DoH actually hides DNS traffic from Internet service suppliers (ISPs), local parent control software, Anti-Virus Software, business firewalls, Traffic Filters and about any other third-party who attempts to intercept and detect user traffic, by shifting DNS server settings from the OS to the browser stage.

DoH disputes

When Mozilla announced it was working on DoH assistance in Firefox, privacy proponents rejoiced and for excellent reasons, as DoH would make it possible to bypass web traffic filters in oppressive regimes.

Because of the problems mentioned above, DoH support in business settings and ISPs was not regarded as a welcome technical alternative.

ISPs monitor DNS traffic to filter poor site traffic, impose legal mandatory website blocks or collect browsing history from customers and re-sell it to advertisers.

With DoH, they can no longer look into DNS traffic.

In July, a UK ISP named Mozilla as an “web villain,” incorporating Firefox’s DoH assistance. The ISP argued that it can not filter child abuse traffic because DoH would allow users to bypass any filters it creates.
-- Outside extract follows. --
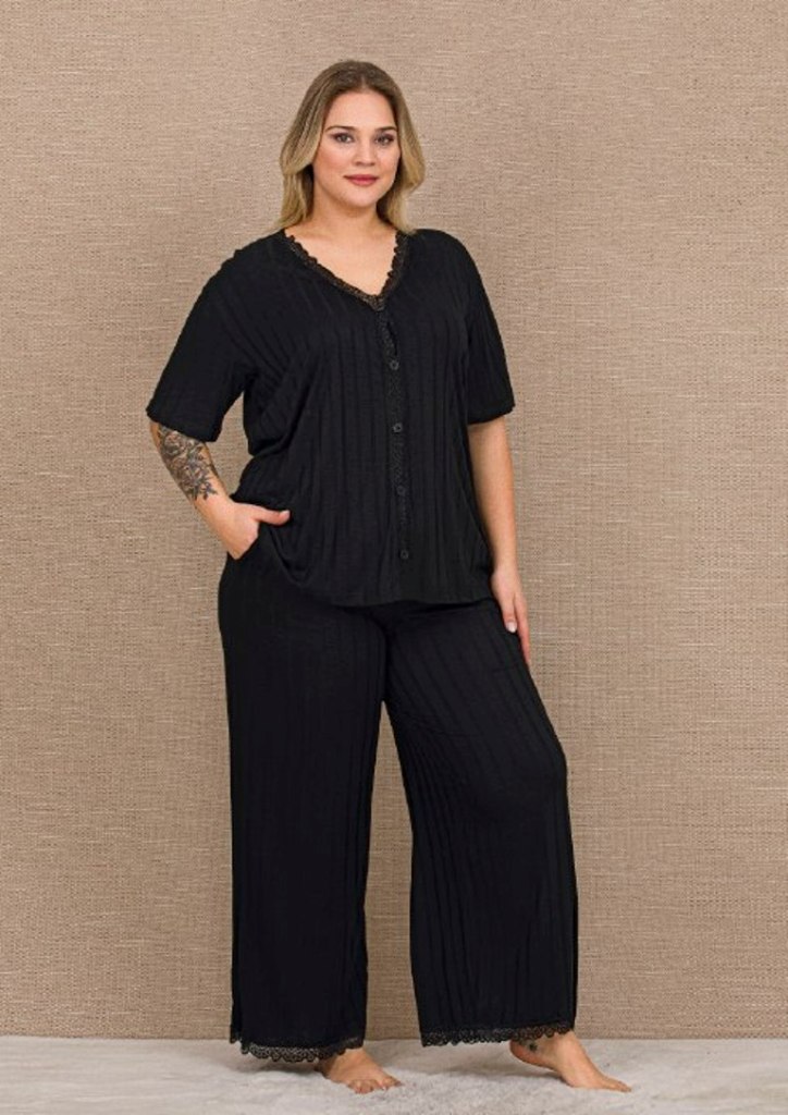 • Siyah Önden Düğmeli Kısa Kollu Bol Paça Büyük Beden Kadın Pijama Takımı

The ISP recalled later that Mozilla was called an internet villain after a huge government backlash and Mozilla announced that it would not permit DoH assistance for Firefox users in the UK by default.

The protocol has also been criticized by enterprises that provide traffic filtering alternatives, which they say can behave as a firewall bypass mechanism.

Malware writers have discovered DoH an appealing protocol and have effectively bypassed enterprise safety systems with malicious DNS traffic.

Firefox complies with company filters and parental controls

Mozilla certainly didn’t hear the last talks. The browser developer said that it would attempt to prevent causing issues.

For starters, Mozilla said that Firefox will have a mechanism to detect the existence of any parent control software or business configuration after DoH is enabled by default for US customers.

If discovered, Firefox will automatically disable DoH, thus the browser will not bypass parent controls or business settings or traffic filters deliberately set up to ensure safety for users.

Mozilla also works with ISPs to ensure users do not use DoH to circumvent legally established blocklists.

The organisation has said that it has asked ISPs and suppliers of parental control alternatives based on networks to add a “canary domain” to their blocklists. If Firefox detects that this canary domain is blocked, DoH is disabled to avoid the function from being used as a filter bypass.

Credit: ZDNet

Mark Funk
Mark Funk is an experienced information security specialist who works with enterprises to mature and improve their enterprise security programs. Previously, he worked as a security news reporter.